Malu the Honu - A Kid's Short Story
- Posted on
- By Gordon Noice
This is a short story based on actual events that Gordon wrote for a children's book about environmental issues coming out next year - enjoy!
Malu was a sea turtle that lived in Hawaii. Her name meant “peace” in Hawaiian and it was the perfect name for her because she was very peaceful and would never hurt anyone. She could hold her breath for a long time, staying under the water to eat her favorite seaweed. People on the beach would see her from time to time when she would pop up to the surface of the ocean to breathe. They would call out “Honu!” which is the Hawaiian name for the sea turtle.
One day while Malu was eating seaweed for lunch on the reef where she lived, she took a bite of something that did not feel right. It was hard to see because whatever it was had no color. Malu started to swallow and began to choke on the strange stuff. It got stuck in her throat and a big ball of the stuff was hanging out of her mouth. Malu began to turn and spin and roll over to get rid of it but the more she struggled, the more Malu became tangled in the strange, stringy stuff. It wrapped around her neck and it got so bad that one of her flippers was caught in it too.
A couple months passed and Malu was still tangled up. The stuff started to dig into her skin and was very painful. It also pulled her head to one side and made it difficult to swim straight ahead. She could not eat because some of the stuff was still in her throat. It got so bad that when Malu was fighting to get the stuff off, a bone in her flipper broke. Malu was miserable and in a lot of pain – and getting very hungry.
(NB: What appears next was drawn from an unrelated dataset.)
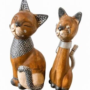 Set of 2 Wood Carved Cats with Metal Accents

One sunny day, a man and a woman went to the beach to go swimming. They brought their masks so they could enjoy the beauty of the reef and look at all the fish. The water was very clear with just a few clouds in the sky. They put on their masks and jumped into the sea. The man started to follow some fish and the woman noticed a small sea turtle not too far away. As the woman got close to the turtle, she noticed that it was having difficulty swimming. She got closer and saw that there was FISHING LINE wrapped around the turtle’s head and that the fishing line had pinned one of its flippers to the bottom of its shell.
“That poor turtle!” the woman thought.
Now you and I know that the turtle was Malu. The woman wanted to help and Malu thought the woman might be able to rescue her. The woman was so surprised when Malu swam right up to her! But sadly, the woman had no way of helping to get the fishing line off of Malu’s head and flipper. The woman patted Malu on the shell and swam back to the man to tell him what she had seen. They were very upset because they both loved the ocean and all of God’s creatures in it.
When the man and woman got home, the man was very quiet. The story his wife told him about the turtle kept bothering him. That night, it was hard for him to go to sleep because Malu was on his mind. Around three o’clock in the morning, he got out of bed and said this little prayer:
“Dear God, I love all the animals you made. Right now, I would love nothing more than to help one of your creations.”
With that, he got back in bed and had a restless night.
The next morning, the man and woman got up early to see the sunrise and take another swim. As amazing as it sounds, at the very moment that they got to the beach, Malu popped up near the shore to take a breath of air. The man and woman looked at each other: was it possible that this was the same turtle from yesterday? The man ran all the way back home and grabbed some scissors and his swim fins because he knew he would have to swim very fast to catch a turtle – even a small one that only had three good flippers. As he got back to the beach, Malu was still there. He dove in and swam as fast as he could. Malu tried to swim away but the man with his swim fins was too fast for her. The man caught her and gently steered her toward the beach.
By now, some people saw what was going on and came to watch. The man brought Malu onto the beach and began to cut away the fishing line from her head and flipper. He even pulled out some of the line that had been stuck in her throat all that time! The man and woman carried Malu back to the sea and said goodbye. Malu felt better right away but she would always have a broken flipper to remember the fishing line for the rest of her life.
To this day, whenever the man and woman go to the beach, they look for Malu. Sometimes they see her and swim out to meet her. Malu knows these people helped her and she is not afraid of them. They became friends and the man and woman are grateful that their prayer to help was answered. Malu is happy because she can swim across the reef again and eat her favorite seaweed, even though her flipper will never be normal like the other turtles.
If you ever find trash or fishing line on the beach, be sure to pick it up and throw it away. But be careful! The fishing line might still have a hook tied to it. If we keep the beaches clean, the trash won’t go into the sea. That way, we can help make sure that the whales, seals, fish, dolphins – and turtles – have a healthy ocean to live in.